Cadre éthique

Quand on découvre un modèle d'analyse humaine, des questions surgissent naturellement. Est-ce que ce modèle enferme les gens dans des catégories ? Est-ce qu'il prétend tout expliquer ? Est-ce une nouvelle psychologie ? Une croyance ?

Voici des réponses directes.

Est-ce que ce modèle colle des étiquettes ?

« Si je dis d'une personne qu'elle est "dans le Chaos", est-ce que je la réduis à ça ? »

Non. Le M7FA lit des configurations provisoires, pas des identités permanentes. Personne n'est "une Force". Quelqu'un traverse une période dominée par le Chaos. Une institution est momentanément en déficit de Lien. Une civilisation est en tension entre Ordre et Transcendance. Les Forces bougent. Les configurations changent. Le modèle est un outil de lecture mobile, pas un système de classification fixe.

Est-ce que ce modèle explique tout ?

« Si toute situation peut être lue avec les sept Forces, alors le modèle ne peut jamais avoir tort — ce qui le rend inutile. »

C'est l'objection la plus sérieuse — et elle mérite une réponse honnête. Le M7FA ne prétend pas identifier les causes des phénomènes. Il identifie des dynamiques. Deux lectures M7FA d'une même situation peuvent être différentes, et les deux peuvent être valides. Ce que le modèle ne peut pas faire : prédire.

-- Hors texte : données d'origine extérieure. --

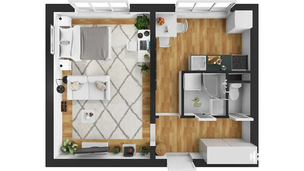 Interiér bytu zahrnuje prostorný obývací pokoj, samostatnou kuchyň, koupelnu se sprchovým koutem a oddělenou toaletou. Prostor je dobře využit a poskytuje dostatek místa pro uspořádání podle vašich představ. K bytu náleží také sklepní kóje, což je ideální pro uložení sezónních věcí nebo sportovního vybavení. Měsíční náklady spojené s provozem bytu činí 3.735,-Kč + spotřeba el.energie.

Ce qu'il peut faire : rendre visible ce qui était opaque. Cette limite n'est pas une faiblesse — c'est une protection contre le dogmatisme.

Est-ce une croyance ? Une spiritualité ?

« La Transcendance, le Chaos, l'Épreuve... ça ressemble à une cosmologie religieuse. »

Le M7FA utilise des termes qui ont des résonances dans de nombreuses traditions — et il le fait délibérément, parce que c'est précisément là que ces traditions ont reconnu les mêmes fonctions. Mais il ne demande aucune adhésion. La Transcendance dans le M7FA est une structure fonctionnelle — ce qui empêche tout système de se refermer sur lui-même — pas une entité religieuse. On peut utiliser le modèle sans partager aucune conviction spirituelle.

Est-ce du développement personnel ?

« Ça ressemble à un outil pour "trouver ses Forces" ou "s'aligner sur sa Transcendance". »

Le M7FA n'optimise rien. Il ne prescrit pas de direction. Il ne dit pas quelle Force "développer". C'est un outil d'analyse et de lecture — pas de prescription. Il s'applique aux individus, mais aussi aux institutions, aux civilisations, aux crises historiques. Son ambition est comparative et compréhensive, pas thérapeutique.

Le critère absolu

Toute interaction avec le M7FA doit laisser la personne plus libre à la sortie qu'à l'entrée.

Si ce n'est pas le cas — si le modèle enferme plutôt qu'il n'ouvre, si la lecture réduit plutôt qu'elle n'éclaire, si l'utilisateur se sent cerné plutôt qu'orienté — alors le modèle a échoué à sa mission, quelle que soit la rigueur de l'analyse.

La liberté du lecteur n'est pas un principe parmi d'autres. C'est le critère de réussite de toute l'œuvre.

Ce que le modèle refuse

Toute prétention à l'exhaustivité. Toute lecture déterministe du réel. Toute utilisation qui servirait à enfermer plutôt qu'à ouvrir. Toute confusion entre la carte et le territoire. Et toute instrumentalisation — le M7FA sait qu'il peut être mal utilisé, et cette conscience fait partie de son architecture.